Original 2D space Kernel-transformed space
○ × × ○ ○ ○ | × ×
×× × × ×× → ○ ○ | × ×
○ × × ○ linear boundary!
(not linearly separable) (linearly separable!)
Common Kernels
# Linear — works for linearly separable data
svm_linear = SVC(kernel="linear", C=1.0)
# RBF (Radial Basis Function) — most popular, works for non-linear data
svm_rbf = SVC(kernel="rbf", C=10, gamma="scale")

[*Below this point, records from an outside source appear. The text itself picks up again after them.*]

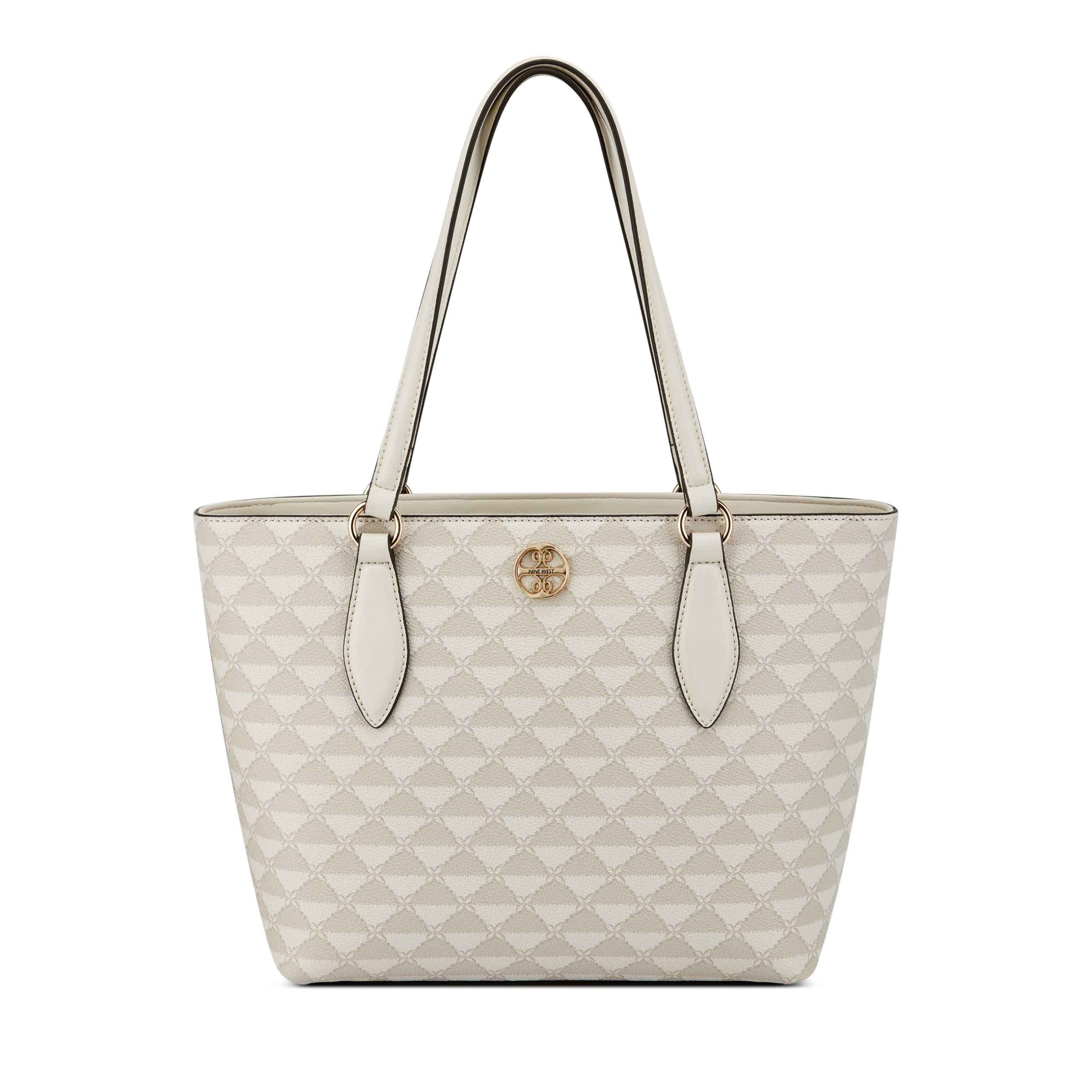 Nine West designer Kyelle small tote with vintage hardware details and exterior branding. Designed with triple compartment function.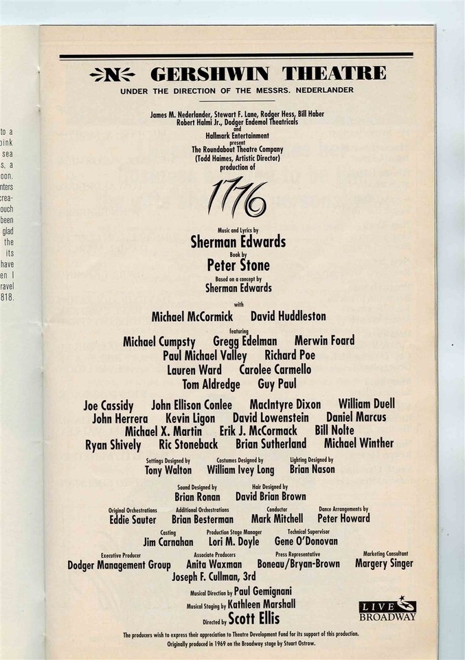 1776 Playbill Gershwin Theatre New York Michael McCormick David Huddleson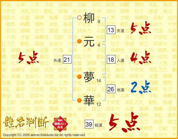 柳(9画)元(4画) 夢(14画)華(12画)

# Polynomial — for polynomial relationships
svm_poly = SVC(kernel="poly", degree=3, C=1.0)
RBF Kernel Parameters
- C — margin softness (as before)
- gamma — how far each training point’s influence reaches
- High gamma → each point influences a small region (risk of overfitting)
- Low gamma → wider influence (smoother boundary)

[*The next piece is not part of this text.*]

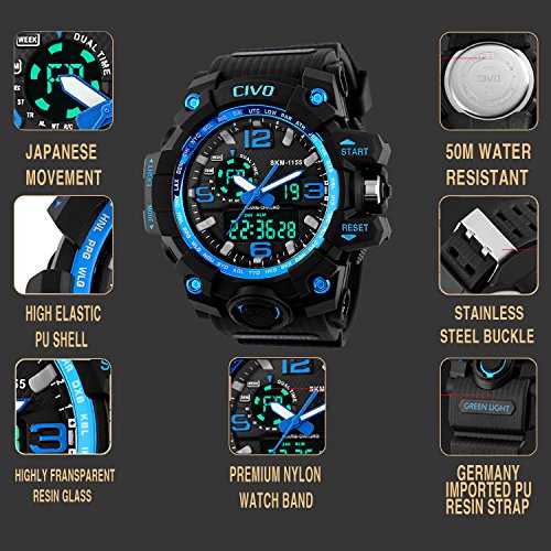 2. High Quality Silicon Watch Band and Stainless Steel Dial Case Back Cover: high quality material is taken to produce our CIVO sport watch, which makes it look much more expensive than it actually is

from sklearn.model_selection import GridSearchCV
param_grid = {
"C": [0.1, 1, 10, 100],
"gamma": ["scale", "auto", 0.001, 0.01, 0.1],
}
grid = GridSearchCV(SVC(kernel="rbf"), param_grid, cv=5, scoring="accuracy", n_jobs=-1)

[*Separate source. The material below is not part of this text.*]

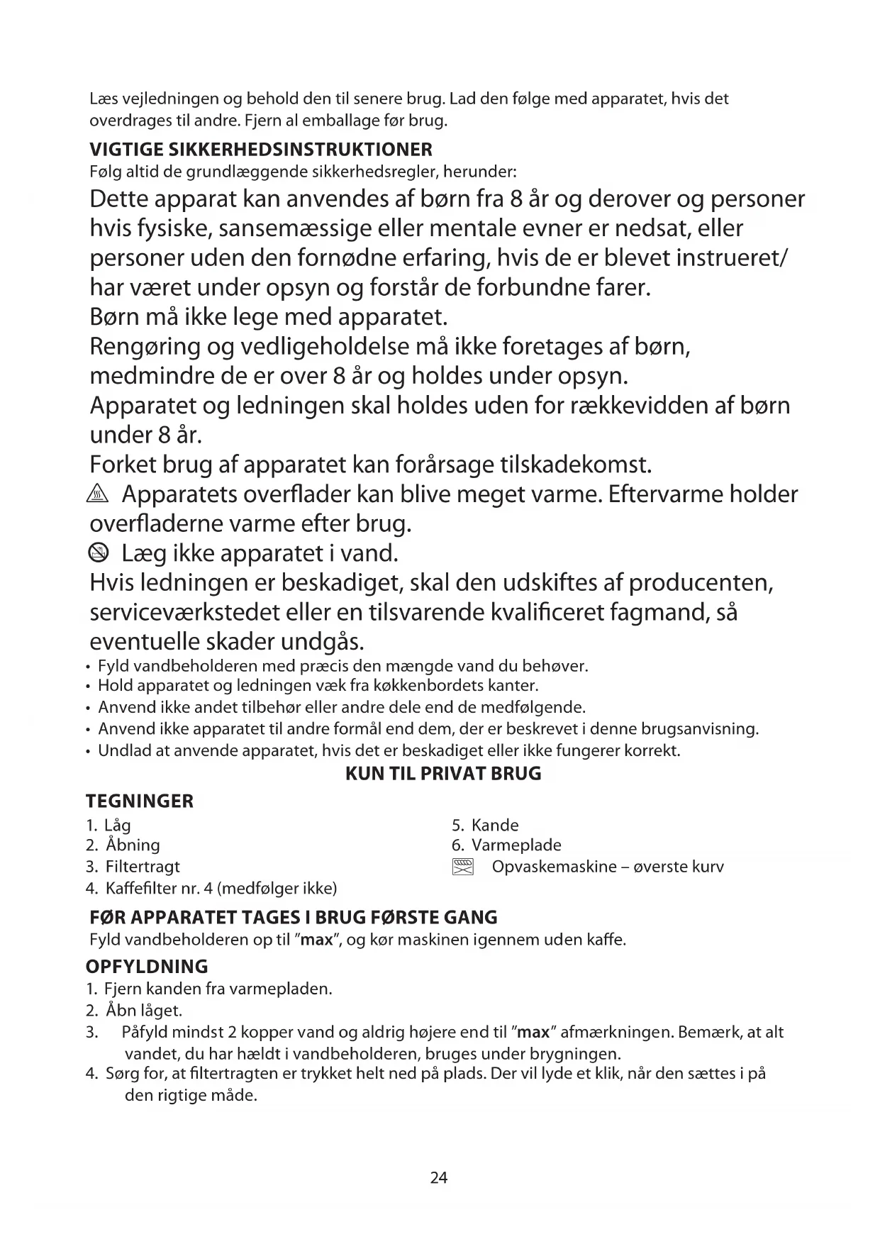Para evitar problemas ambientais e de saúde devido a substâncias perigosas contidas em equipamentos eléctricos e electrónicos, os aparelhos com este símbolo não deverão ser misturados com o lixo doméstico e sim recuperados, reutilizados ou reciclados.24 Læs vejledningen og behold den til senere brug. Lad den følge med apparatet, hvis det overdrages til andre. Fjern al emballage før brug. VIGTIGE SIKKERHEDSINSTRUKTIONER Følg altid de grundlæggende sikkerhedsregler, herunder: Dette apparat kan anvendes af børn fra 8 år og derover og personer hvis fysiske, sansemæssige eller mentale evner er nedsat, eller personer uden den fornødne erfaring, hvis de er blevet instrueret/ har været under opsyn og forstår de forbundne farer. Børn må ikke lege med apparatet. Rengøring og vedligeholdelse må ikke foretages af børn, medmindre de er over 8 år og holdes under opsyn. Apparatet og ledningen skal holdes uden for rækkevidden af børn under 8 år. Forket brug af apparatet kan forårsage tilskadekomst. h Apparatets overflader kan blive meget varme. Eftervarme holder overfladerne varme efter brug. l Læg ikke apparatet i vand. Hvis ledningen er beskadiget, skal den udskiftes af producenten, serviceværkstedet eller en tilsvarende kvalificeret fagmand, så eventuelle skader undgås.

grid.fit(X_train_s, y_train)
print(f"Best params: {grid.best_params_}")
print(f"Best score: {grid.best_score_:.4f}")
best_svm = grid.best_estimator_
print(f"Test accuracy: {accuracy_score(y_test, best_svm.predict(X_test_s)):.2%}")
SVR — Support Vector Regression
SVM can also do regression:
from sklearn.svm import SVR
from sklearn.datasets import fetch_california_housing
housing = fetch_california_housing()
X_train, X_test, y_train, y_test = train_test_split(
housing.data, housing.target, test_size=0.2, random_state=42
)
scaler = StandardScaler()
X_train_s = scaler.fit_transform(X_train)
X_test_s = scaler.transform(X_test)
svr = SVR(kernel="rbf", C=10, epsilon=0.1)
svr.fit(X_train_s, y_train)
from sklearn.metrics import r2_score
print(f"SVR R²: {r2_score(y_test, svr.predict(X_test_s)):.4f}")
SVM vs. Other Algorithms
| SVM | Logistic Regression | Random Forest | |
|---|---|---|---|
| Non-linear | ✅ (with kernel) | ❌ | ✅ |
| Scalability | ❌ slow on large data | ✅ | ✅ |
| Probability output | ✅ (with probability=True) | ✅ | ✅ |
| Interpretability | ❌ | ✅ | ✅ (feature importances) |
| Needs scaling | ✅ yes | ✅ recommended | ❌ no |
When to Use SVM
✅ Best for:
- High-dimensional data (text, genes)
- Small-to-medium datasets (< 10k samples)
- Clear margin of separation exists
- Non-linear boundaries (with RBF kernel)
❌ Avoid when:
- Millions of samples (too slow)
- Need fast training
- Need probability calibration without extra cost
Why is feature scaling (StandardScaler) especially important for SVM?